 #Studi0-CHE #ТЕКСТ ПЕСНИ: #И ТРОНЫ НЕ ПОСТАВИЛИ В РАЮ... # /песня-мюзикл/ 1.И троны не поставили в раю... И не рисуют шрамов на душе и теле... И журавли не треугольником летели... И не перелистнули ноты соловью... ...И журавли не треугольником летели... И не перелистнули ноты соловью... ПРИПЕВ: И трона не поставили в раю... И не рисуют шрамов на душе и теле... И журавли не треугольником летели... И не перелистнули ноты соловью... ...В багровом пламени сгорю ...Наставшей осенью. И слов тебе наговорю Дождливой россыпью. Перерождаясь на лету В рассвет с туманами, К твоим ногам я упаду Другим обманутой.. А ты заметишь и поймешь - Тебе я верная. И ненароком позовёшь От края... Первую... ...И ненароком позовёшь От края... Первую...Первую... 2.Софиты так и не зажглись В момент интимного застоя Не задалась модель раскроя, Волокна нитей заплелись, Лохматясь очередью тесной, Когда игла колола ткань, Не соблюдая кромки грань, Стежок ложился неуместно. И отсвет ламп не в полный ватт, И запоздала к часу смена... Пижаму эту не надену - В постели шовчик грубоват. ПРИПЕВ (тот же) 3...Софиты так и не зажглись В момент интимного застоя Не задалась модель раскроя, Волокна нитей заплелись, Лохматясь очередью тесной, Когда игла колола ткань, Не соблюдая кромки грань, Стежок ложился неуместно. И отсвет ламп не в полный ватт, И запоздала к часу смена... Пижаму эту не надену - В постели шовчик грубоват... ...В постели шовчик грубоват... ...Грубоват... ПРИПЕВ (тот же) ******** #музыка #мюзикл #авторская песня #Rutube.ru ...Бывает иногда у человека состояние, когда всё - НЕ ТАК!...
--
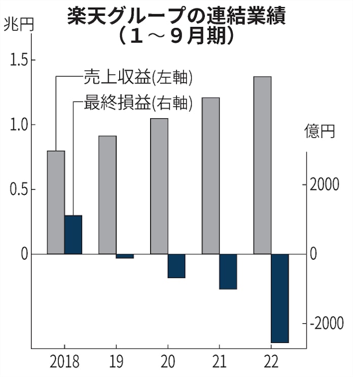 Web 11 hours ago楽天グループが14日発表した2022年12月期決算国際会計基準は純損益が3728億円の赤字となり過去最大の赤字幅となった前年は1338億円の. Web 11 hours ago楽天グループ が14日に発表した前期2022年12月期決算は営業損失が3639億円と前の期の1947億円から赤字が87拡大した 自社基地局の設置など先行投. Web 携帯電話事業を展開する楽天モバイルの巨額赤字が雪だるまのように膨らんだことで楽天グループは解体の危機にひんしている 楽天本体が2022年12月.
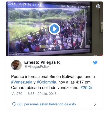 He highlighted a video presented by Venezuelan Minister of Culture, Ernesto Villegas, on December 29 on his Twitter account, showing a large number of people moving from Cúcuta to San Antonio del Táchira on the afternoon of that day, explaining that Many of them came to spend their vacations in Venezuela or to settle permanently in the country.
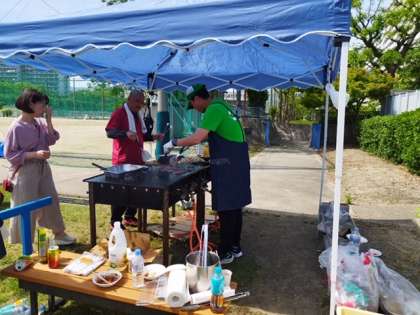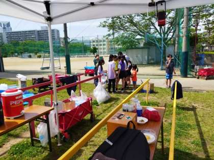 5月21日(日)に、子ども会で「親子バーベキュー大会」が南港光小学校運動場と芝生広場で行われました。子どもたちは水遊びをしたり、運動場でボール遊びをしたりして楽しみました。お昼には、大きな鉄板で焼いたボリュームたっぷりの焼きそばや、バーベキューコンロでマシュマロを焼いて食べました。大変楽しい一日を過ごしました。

Directions for this task: Output only the lines above from the line that holds "He highlighted a" through the line that holds "5月21日(日)に、子ども会", both ends included, and exclude pictures.

Response to the task:
 He highlighted a video presented by Venezuelan Minister of Culture, Ernesto Villegas, on December 29 on his Twitter account, showing a large number of people moving from Cúcuta to San Antonio del Táchira on the afternoon of that day, explaining that Many of them came to spend their vacations in Venezuela or to settle permanently in the country.
 5月21日(日)に、子ども会で「親子バーベキュー大会」が南港光小学校運動場と芝生広場で行われました。子どもたちは水遊びをしたり、運動場でボール遊びをしたりして楽しみました。お昼には、大きな鉄板で焼いたボリュームたっぷりの焼きそばや、バーベキューコンロでマシュマロを焼いて食べました。大変楽しい一日を過ごしました。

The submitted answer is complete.